As for your point about women needing the consent of fathers to give up their legal responsibilities... I haven't come across that *anywhere*. Some states give fathers a certain amount of time to step in and claim their rights to the children, but at that point the mother has given up all her responsibilities to her child. Including the responsibility to give the father child support if he has child custody.

typhonblue

Cases where women have to pay child support are cases in which the woman is interested in retaining her rights to her children. Where a woman is not interested in retaining her rights to her children, I doubt she has to pay child support, since she can legally abandon them.

La Lubu

Nonsense. Every man I know who has custody of his children has an order to receive child support. Some receive it. Others are pretty much in the same boat I'm in, that zuzu spoke of, where the cost of trying to get it isn't worth the hassle.

And as for the previous poster, here in Illinois child support rates are based on the income of the noncustodial parent and how many children there are. It's a percentage formula. In the case of a parent making the minimum wage, the percentage they pay usually isn't enough to care for a child. In the case of millionaires, it's more than enough. But the percentage formula exists in order to keep a wealthier non-custodial parent from withholding money that would no doubt be spent on the kids (in the form of private school, extracurriculars, vacations and such that those of us of more modest means don't really get to indulge in much if at all) if the parental relationship hadn't fallen apart---in other words, punishing the kids for the actions of the other parent. And then there are cases of "putative income", where the noncustodial parent deliberately refuses to work or takes a much lower-paying job in order to punish the other parent. If the noncustodial parent has legitimately lost a job through a layoff, they can petition the court for a reduction in child support. Noncustodial union brothers of mine do this all the time after a layoff (it's their second stop after the unemployment office) and always receive it; they just have to show their layoff slip. Custodial parents who take issue with this court decision piss off judges. Judges are generally not happy when folks waste the courts' time.

typhonblue

La Lubu says(in quotes):

"Nonsense. Every man I know who has custody of his children has an order to receive child support. Some receive it. Others are pretty much in the same boat I'm in, that zuzu spoke of, where the cost of trying to get it isn't worth the hassle."
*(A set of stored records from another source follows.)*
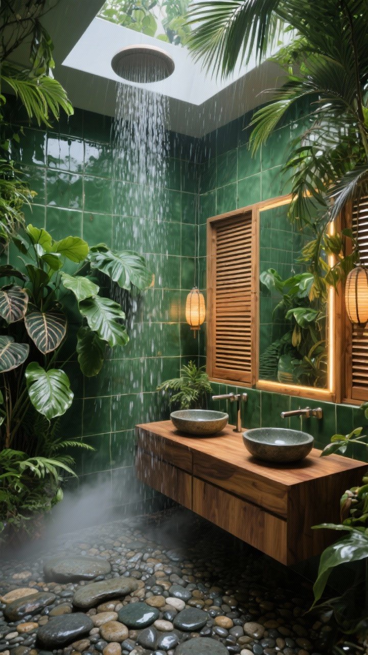 Ici, on joue l’immersion totale. Murs recouverts de carreaux vert bouteille brillants façon zellige, qui captent l’eau et la lumière. Une pluie tropicale tombe d’un large ciel de douche, entourée de plantes épaisses.
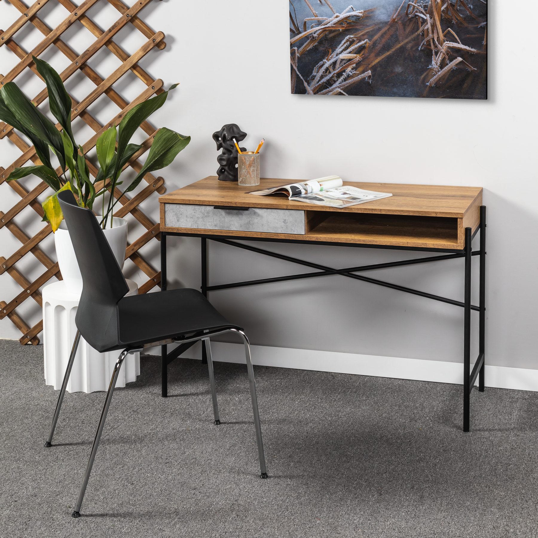 Стол письменный Plato станет украшением вашего дома. Ножки столика выполнены из металлического профиля, окрашенного порошковой краской. Столешница, износостойкая, выполнена из ЛДСП.
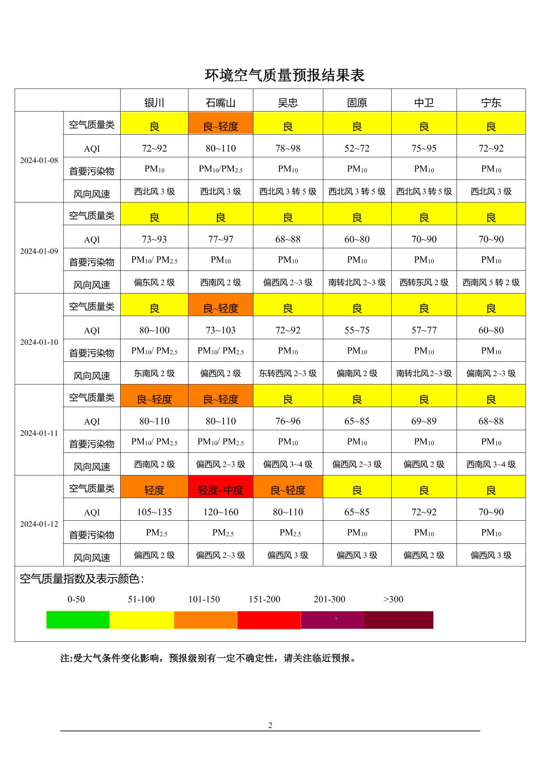 > 环境空气质量预报
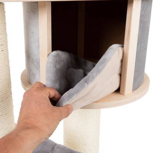 Prawdziwą atrakcją są wyjątkowo grube pnie sizalowe, które świetnie nadają się do wspinaczki, rozciągania i ostrzenia pazurów. A jeśli wszystkiego będzie dla Ciebie za dużo i chcesz mieć trochę ciszy i spokoju, możesz po prostu schować się w przytulnym domku.
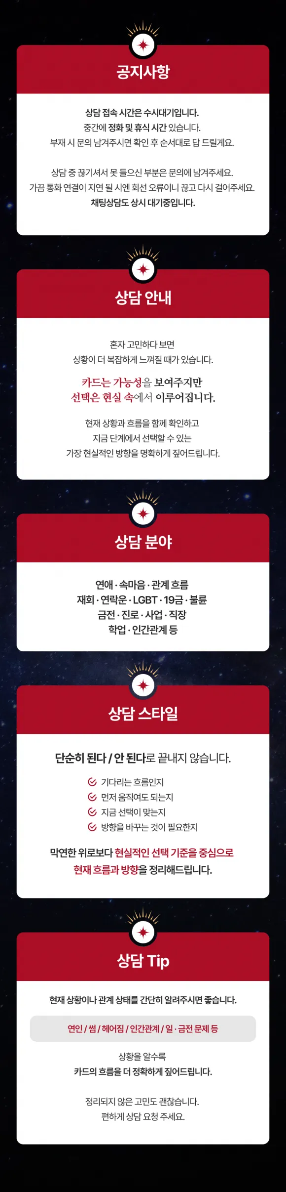 · 수많은 상담 경험을 녹아내 리딩 하는 타로 선생님
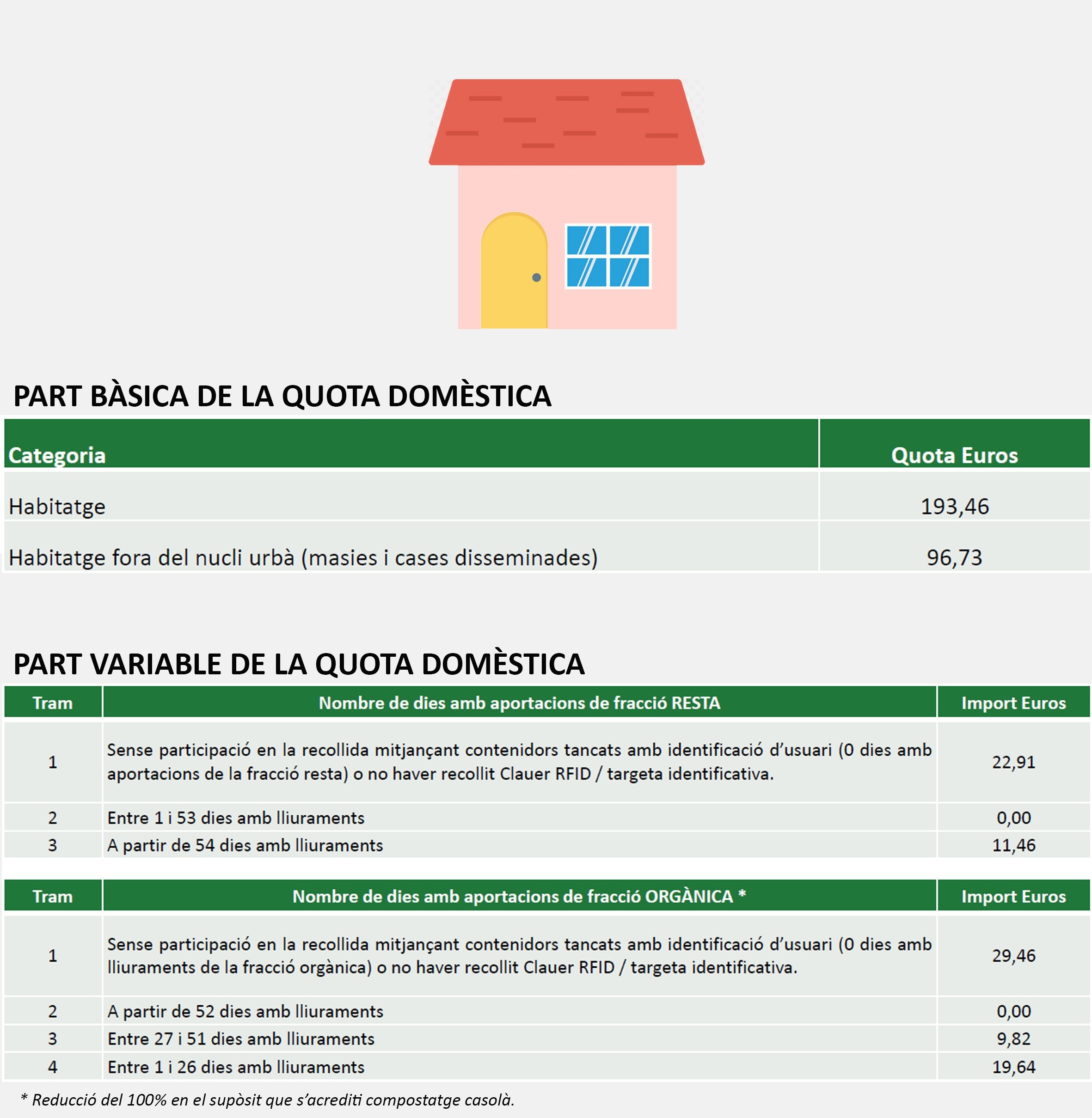 - Acreditació de compostatge casolà. Reducció del 100% de la part variable de la quota, vinculada a la fracció orgànica.
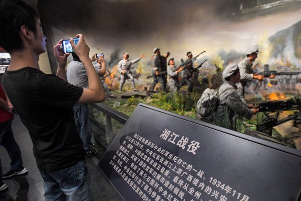 参观者在湖南通道侗族自治县通道转兵纪念馆内参观“湘江战役”场景。陈泽国 摄
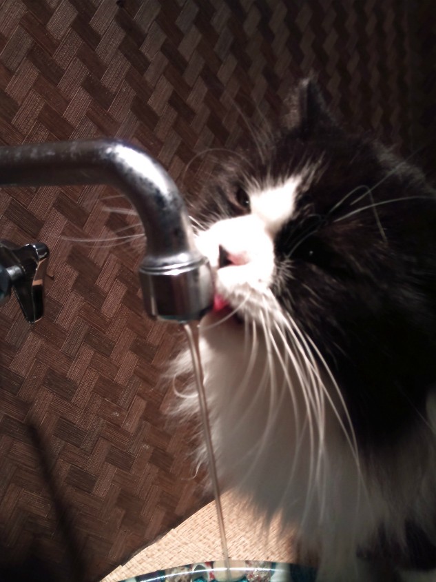 のどが渇いたらしくて、水道のところにいたので、水を出してあげました。
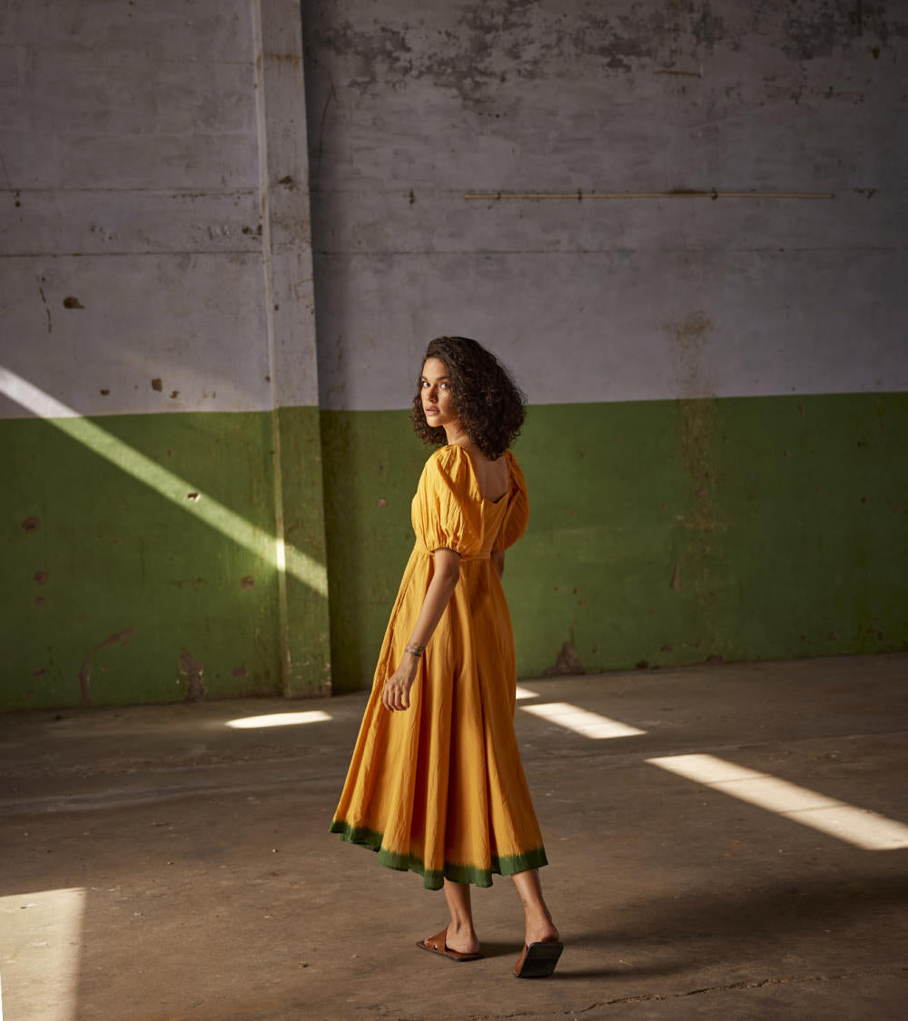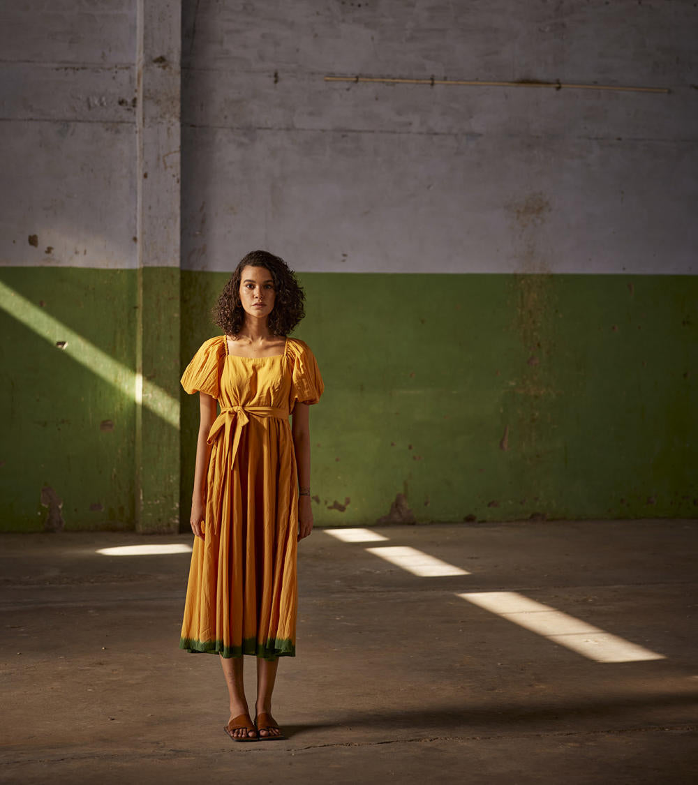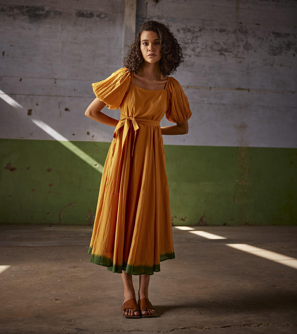 An orange midi mul dress with puff elasticated sleeves, side zip and dip dyed in dark green. Comes with a fabric belt to cinch the waist.

Let me ask you. Do the women they recieve child support from still have rights to the children? In other words, do they get visitation?

typhonblue

Actually, a better question would be:

When these women ended up in court deciding the child custody issue, did they go there wanting to give up both their rights and responsibilities, or did they go there wanting to get their rights enforced?

La Lubu

Whether or not the mother chooses to have visitation, she still must pay the court-awarded child support to the father. That is, if she bothers to have a job or own property. The court and law enforcement generally do not bother with men or women who don't pay child support but don't have tangible assets. Those people get away with it. You know, like they always did, and like you would want them to. Courts don't tend to bar noncustodial parents from visitation unless they have abused their children.

Neither a man or woman can unilaterally decide they want to give up their parental rights and responsibilities. Courts are very reluctant to terminate parental rights, even in cases where they clearly should. There are two reasons for this: one is that it eliminates a potential resource for the child (meaning, even if the parent is a deadbeat, that it could terminate inheritance rights for the child for that whole side of the family...part of the child's rights are terminated), and that it rewards the bad behavior of abandoning a child.